More than a dozen nursing homes have shuttered in Maine in past five years, and leaders representing them in the aging state plan to meet next week with the administration of Gov. Janet Mills to push for $1 million in held-up funding for staff.

Maine currently has 94 nursing homes, down from 102 in 2017, according to a Department of Health and Human Services spokeswoman.

The challenges facing nursing homes nationwide are particularly pressing in Maine, said Rick Erb, president of the Maine Health Care Association, a group representing nursing homes that’s set to meet with the health agency next week.

The largely rural state, he noted, has the nation’s oldest median age, an above-average number of older citizens and a relatively small young adult population. By 2036, over a quarter of the residents in every Maine county will be 65 or older, according to state data.

“If nursing homes can’t hire permanent employees, they use agency staffing,” Erb said. “That’s very expensive.”

States everywhere are grappling with similar closures, financial problems and workforce shortages that are challenging rural areas in particular.


Massachusetts, for instance, is weighing rate increases for nursing homes at a time when advocates say nearly 30 have closed recently, with more possibly on the way, leaving residents and families in search of care.

In Maine, 5,912 out of Maine’s 6,548 licensed nursing home beds were occupied as of March 15, down from 6,104 of 6,834 beds occupied two years earlier. Some nursing home beds have been repurposed as residential care facility beds, according to health department spokeswoman Jackie Farwell, who said 13 nursing homes have closed since 2014.

Nursing homes in Maine have received annual cost-of-living increases since 2014, according to Erb.

But such payments haven’t kept up with minimum wage increases, he said.

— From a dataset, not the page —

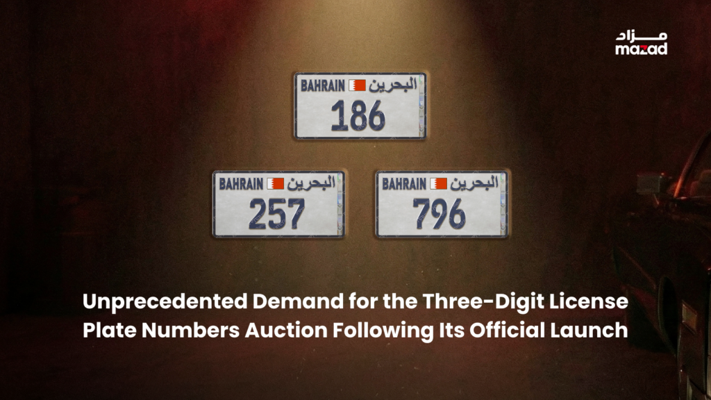 As part of its ongoing commitment to delivering distinctive and high-quality digital experiences, Mazad announced an unprecedented level of interest in its recently launched three-digit license plate numbers auction. This auction, the first of its kind on the Mazad platform, features the numbers 186, 257, and 796. Each plate in this rare set forms an integral part of the history of vehicle registration in the Kingdom of Bahrain.

Voters in 2016 approved increasing the minimum wage to $9 in 2017, $10 an hour in 2018 and $11 this year. The minimum wage will jump to $12 in 2020 and then increase according to a formula.

Lawmakers approved $5.5 million in additional, one-time general funds for nursing homes in 2018, over the veto of Republican Paul LePage, the governor at the time. LePage, who unsuccessfully tried to roll back minimum wage increases, called the legislation a “short-term fix.”


The budget this year of new governor Mills, a Democrat, included $8.5 million to extend such funding.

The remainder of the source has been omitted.